Phase 5 — Data integration & analysis

Phase 4d — ftINIT

  • ftINIT pipeline (init.ftinit) — staged MILP, linear merge, task-aware gap-filling, gene pruning.
  • Validated against MATLAB RAVEN on Human-GEM. 5 Hart2015 cell-line models; Jaccard 0.973–0.977 (no-task) and 0.978–0.980 (task-constrained). See docs/humangem_validation.md.
  • Parameter calibration & input-robustness study (docs/init_param_calibration.md) — mip_gap=0.01 is the genome-scale full-pipeline sweet spot (~37% faster than 0.001 at Jaccard 0.995); pipeline is robust to expression noise (Jaccard 0.92–0.95) but sensitive to sparsity (50–70% dropout → Jaccard 0.59–0.71); the task + gap-fill layer keeps the essential-task pass-rate at 67–69/69 across the gradient, whereas tINIT-without-it passes only 35/69 even on clean data.
  • Cross-solver portability (docs/init_solver_benchmark.md)
    • tests/test_init_solvers.py: Gurobi and GLPK pass at toy scale; only Gurobi is viable at genome scale today (HiGHS hits an upstream optlang clone() bug; GLPK ignores configuration.timeout on MIP).
  • Engineering wins surfaced by the genome-scale work: check_tasks and fill_tasks._feasible rewritten in-place (~12× each); optlang.symbolics.add builds in the MILP construction (the O(n²) sympy sum() blow-up was the original genome-scale blocker); bounded gap-fill MILP; rescaleModelForINIT ported.

Phase 4c — tINIT

Phase 4b — Gap-filling

Phase 4a — Metabolic tasks

  • Task list parsing + check_tasks (tasks/).

Phase 3 — Reconstruction

  • Homology-based draft from a template GEM + BLAST/DIAMOND wrappers (reconstruction/homology/) — with structured improvements over RAVEN's getModelFromHomology (see IMPROVEMENTS H1–H6).
  • KEGG five-step pipeline (reconstruction/kegg/): dump → parser → HMM library builder → species model → HMM-query draft.
  • MetaCyc reconstruction not ported (and flagged for removal from MATLAB RAVEN — see IMPROVEMENTS R-MetaCyc).

Phase 2 — I/O

  • YAML aligned to cobra's !!omap writer + RAVEN-only fields preserved into .notes, plus geckopy ec-* for enzyme-constrained models (io/yaml.py).
  • SIF, Excel export, and Standard-GEM model/<fmt>/… git layout (io/).
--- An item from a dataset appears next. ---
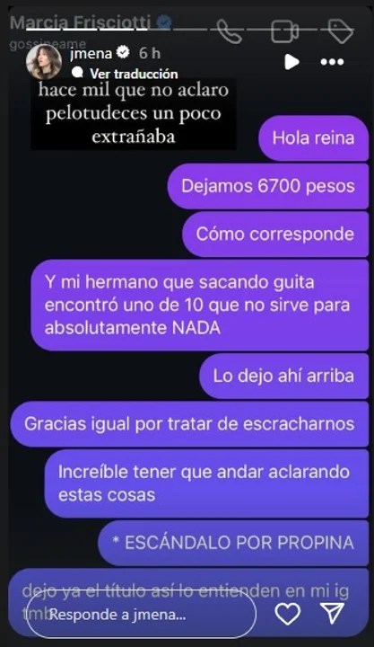 En cuanto Jimena Barón descubrió las historias, no dudó en responder. “La Cobra” apuntó: “Hola reina. Dejamos $6700 como corresponde. Mi hermano sacando guita encontró uno de ($)10 que no sirve para absolutamente nada”.
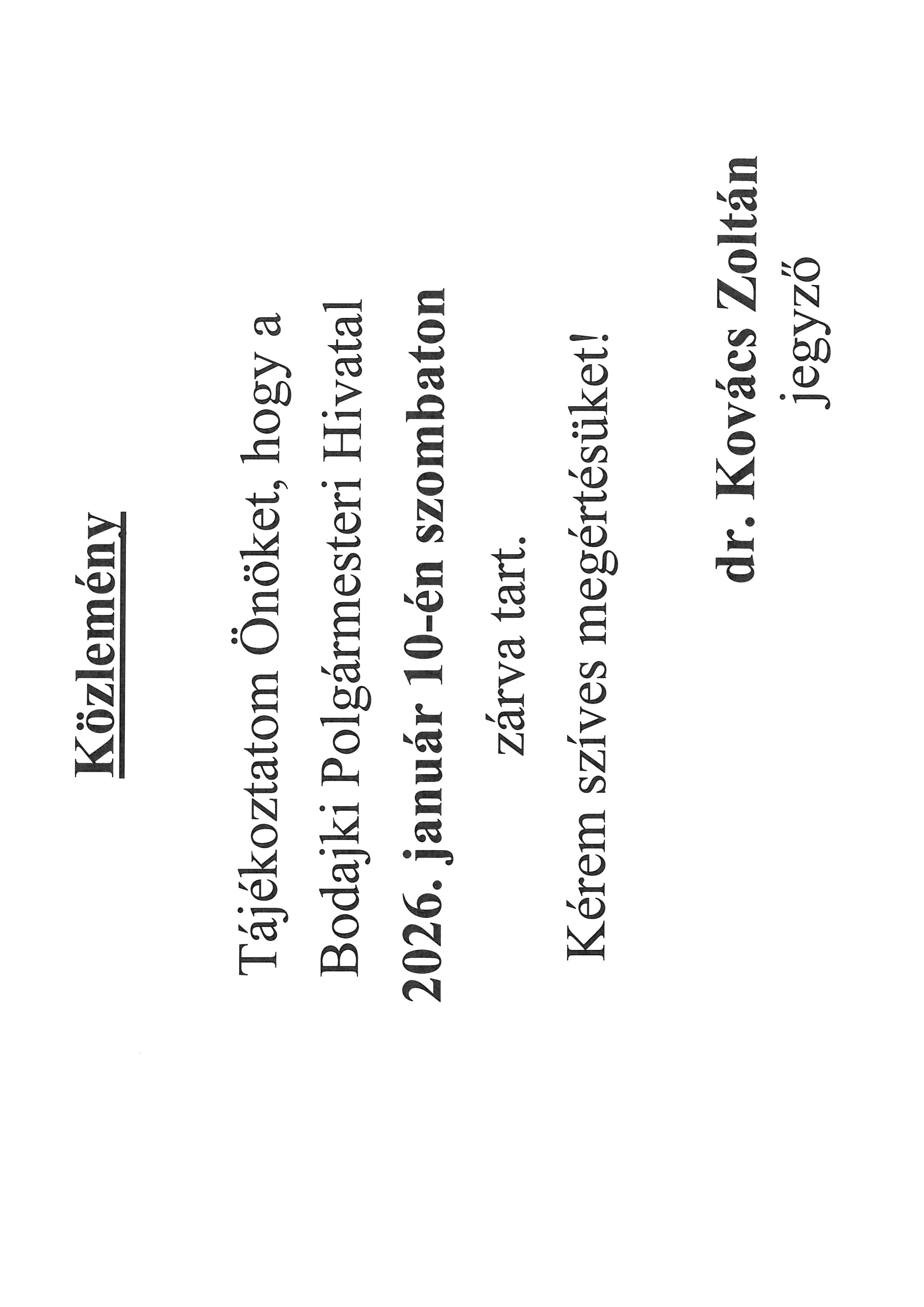 a Bodajki Polgármesteri Hivatal 2026. január 10-i zárva tartásáról

Excel import intentionally excluded.

Phase 1 — Foundation

  • GPR / balance / validation / parsing helpers (utils/) — cobra-absent bits only; the rest are cheatsheeted.
  • Manipulation ergonomic layer (manipulation/) — add/change/remove/transport/transfer/merge/simplify/variance + adopted transforms.
  • External-binary resolver (binaries.py) — version-pinned release-ZIP registry, SHA256-verified cache.

Phase 0 — Scaffold

  • Project structure, packaging, pytest skeleton, license alignment with MATLAB RAVEN (GPL-3.0-or-later).